WHAT YOU WILL DO
Set down the records exactly as they stand, except for any pictures, which you should omit.

━━━━━ RECORDED INFORMATION

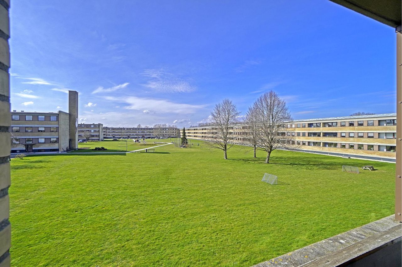 med plads til leg og boldspil, legeplads og super parkeringsforhold lige udenfor opgangen.
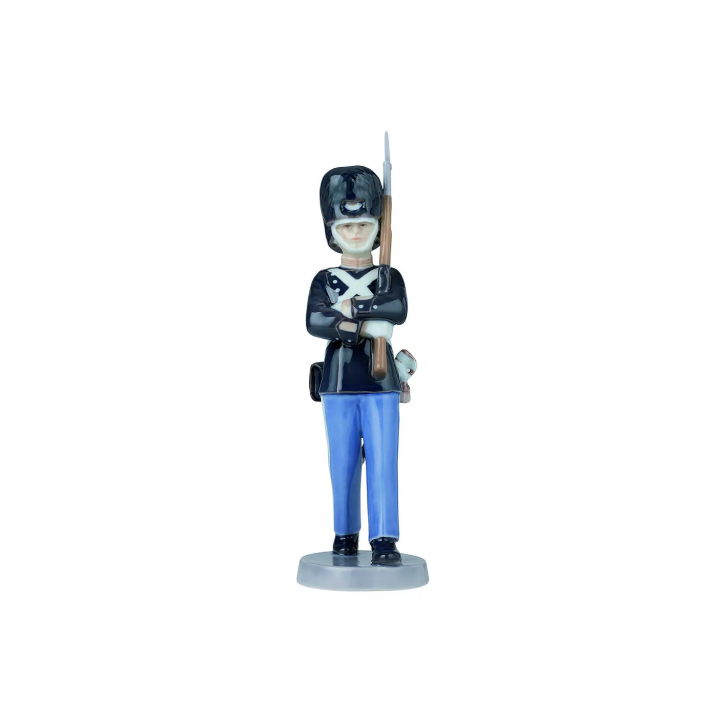 Kongelig Livgarde i porcelæn fra Royal Copenhagen. I samarbejde med De Danske Garderforeninger relancerer Royal Copenhagen den smukke Garder figur fra Bing & Grøndahl af kunstneren Svend Jespersen. Dronningens monogram kan ses på Garderens vagttaske.
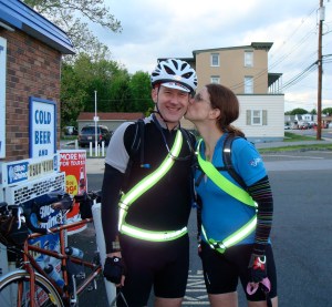 A romantic moment at a convenience store in reflective gear. How can you beat that? This was our final rest stop before the finish.
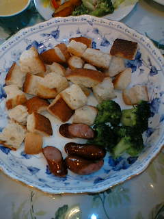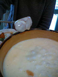 | カップスープ | 鍋にチーズが沢山 | これが2人前の具。 |
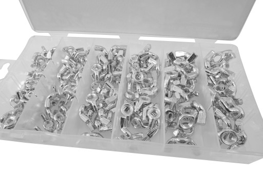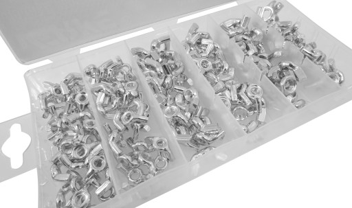 Zestaw składa się z 150 sztuk nakrętek metrycznych motylkowych. Nakrętki umieszczone są w wygodnym opakowaniu typu "sortownik".

━━━━━━━━━━

TASK RESPONSE
 med plads til leg og boldspil, legeplads og super parkeringsforhold lige udenfor opgangen.
 Kongelig Livgarde i porcelæn fra Royal Copenhagen. I samarbejde med De Danske Garderforeninger relancerer Royal Copenhagen den smukke Garder figur fra Bing & Grøndahl af kunstneren Svend Jespersen. Dronningens monogram kan ses på Garderens vagttaske.
 A romantic moment at a convenience store in reflective gear. How can you beat that? This was our final rest stop before the finish.
 | カップスープ | 鍋にチーズが沢山 | これが2人前の具。 |
 Zestaw składa się z 150 sztuk nakrętek metrycznych motylkowych. Nakrętki umieszczone są w wygodnym opakowaniu typu "sortownik".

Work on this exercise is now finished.